3 Answers

  1. Oh, hey! I used to have this very often, replacing deja vu. There were things that happened when I was 24, but I dreamed at my desk at school and I thought that well, this is definitely a dream, because such nonsense in my life can not be (maybe). What is typical for me, it has always been a situation that well, just do not predict and do not come up with.
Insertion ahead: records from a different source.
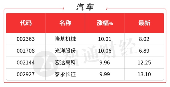 汽车板块依旧维持了强度,点到的泰永长征(002927.SZ)直接开出了一字。重点挖掘的方向还是比亚迪合作加上充电桩,比较贴的是隆基机械(002363.SZ),另外一个方向是电子后视镜的合力泰(002217.SZ)。
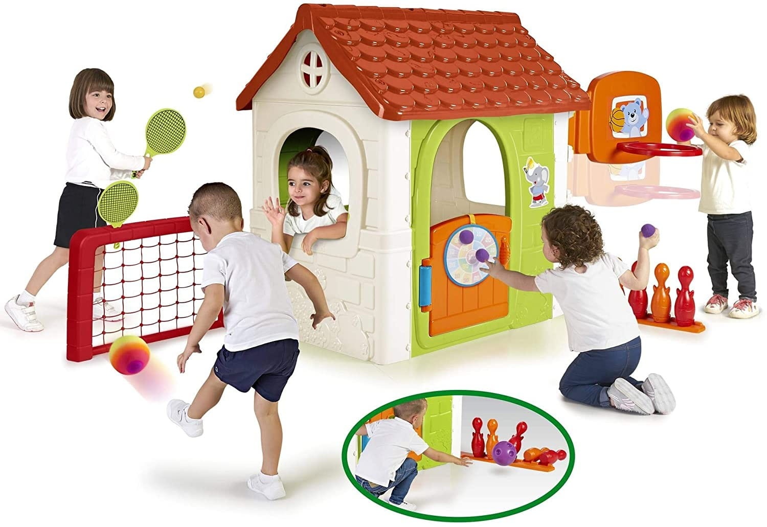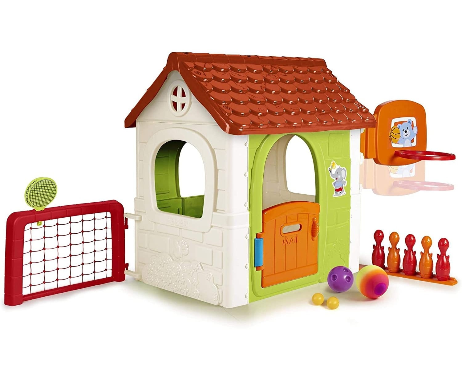 Domek ogrodowy Feber to prawdziwe centrum rozrywki dla najmłodszych! Zestaw składa się z domku, kręgli, bramki z piłką do gry w piłkę nożną, koszykówki, rakietek oraz tarczy z piłkami na rzepy. Jest tyle możliwości zabawy, że dzieci z całą pewnością szybko się nie znudzą zabawą. Po skończonej zabawie łatwo jest złożyć wszystkie elementy do gier, tak by domek z akcesoriami zajmował mniej miejsca.
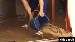 "Вот, смотрите какой ущерб! Там еще у нас есть магазин, товар там уже непригоден, – жалуется Жаныл Жунусова. – Подвал вообще полон воды. Во всей Чолпон-Ате, оказалось, нет насосного оборудования. Мы позвали детей и теперь руками собираем эту грязь. А были бы машины специальные, - подвалы очистили бы в два счета".
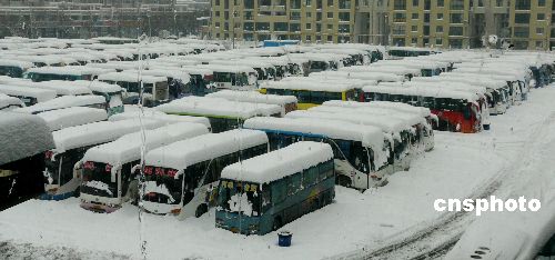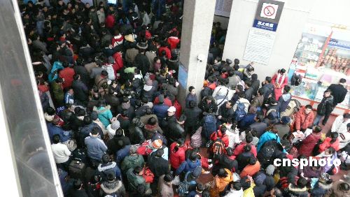 1月27日18點 、28日6點安徽省合肥市兩次發(fā)布暴雪紅色警報。1月28日,在合肥火車站廣場上,上萬名旅客在暴雪中排隊購票。合肥汽車客運全線停運,鐵路客運乘客猛增。暴雪同樣導致了多趟列車晚點,火車站站臺上、大廳內擠滿了急于返鄉(xiāng)的民工。由于鐵路部門也無法確定火車進站的具體時間。部分旅客在站臺吃方便面充饑御寒,等待列車的到來。目前合肥火車站正全力疏導,安撫旅客。中新社發(fā) 成展鵬 李君 攝
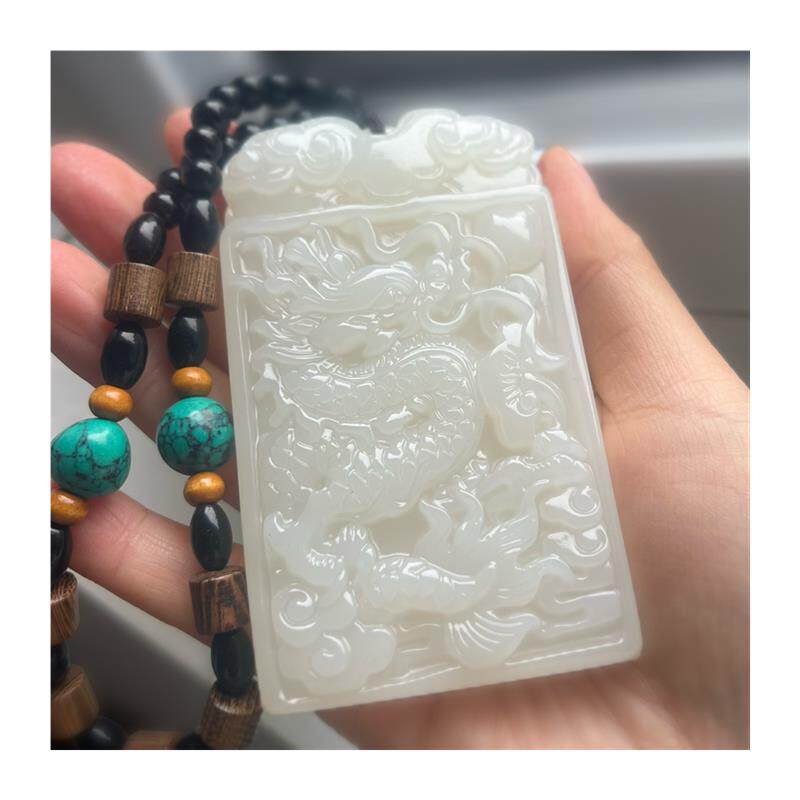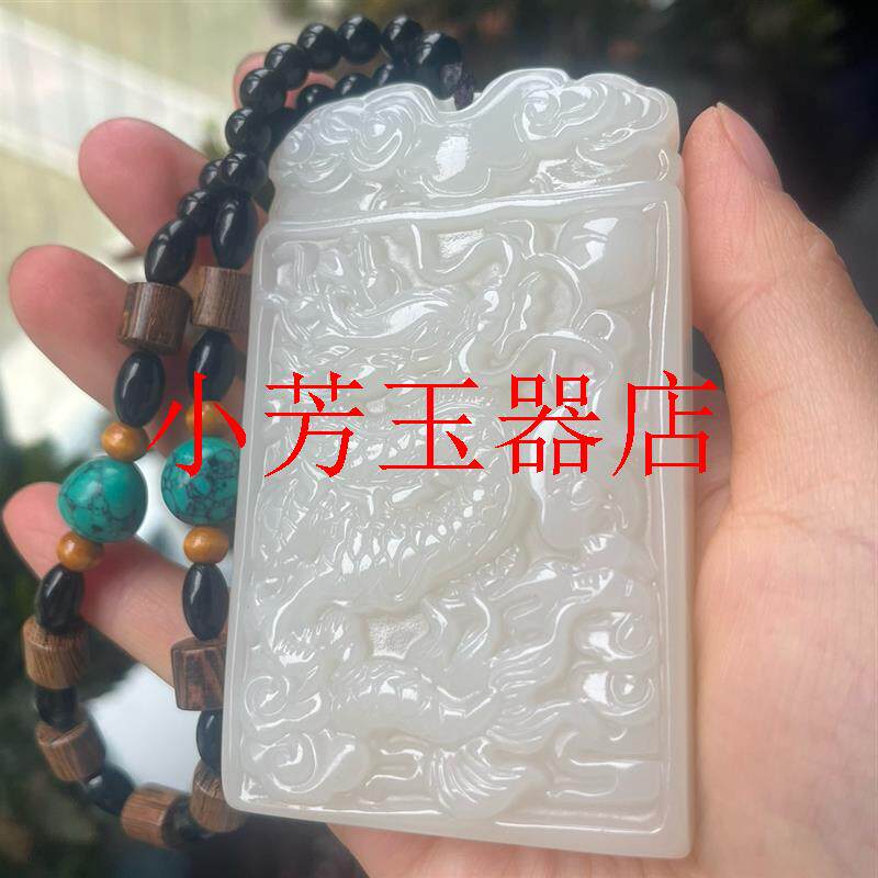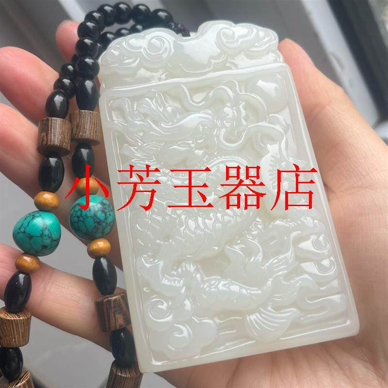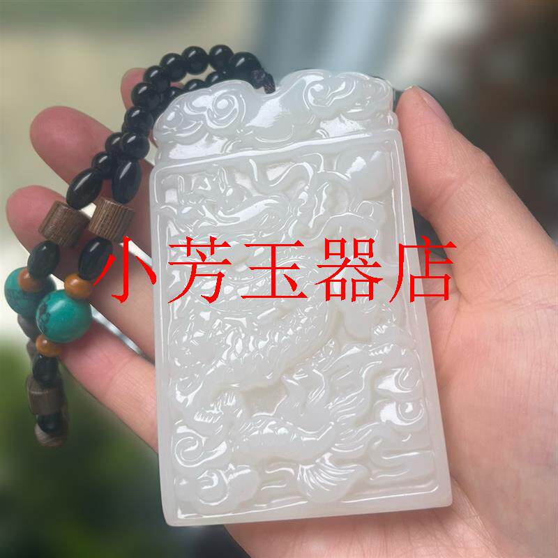 📚 新疆和田玉白玉龙牌手把件高端大气单面玉石羊脂白料龙行天下牌子

And if people have deja vu just like that, for no reason, then I always remember the dream in which I saw it. Some of them were even written down in notes when I learned to guess what nonsense might come to life. I still don't know what it is, unfortunately. People rarely encounter anything like this. I only know one other girl who has had this happen. Magic definitely doesn't exist (I checked for too long), so I won't give any magical interpretations. My near-scientific assumption is that everything has already happened, and the brain in the sleep state can perceive what is happening in the future. The brain in a dream is generally a separate riddle of humanity.

  2. Of course, they are also called anticipatory dreams. Remember that our brain lives in front of us and builds hypothetical models of what can happen, and often these models (scenes) are carried out in “real” life

  3. I have such dreams very often. If earlier I could interpret them (albeit with a big stretch) as the work of the subconscious mind, which simply guessed the possible outcome of events, then about four years ago I had a dream that greatly puzzled me. I saw in a dream a man I met a few days later. This person said the same thing to me in my dream as he did in real life. I do not believe that the subconscious mind could guess the person and his words. After this dream, I had a number of unanswered questions, including the question of the existence of free will.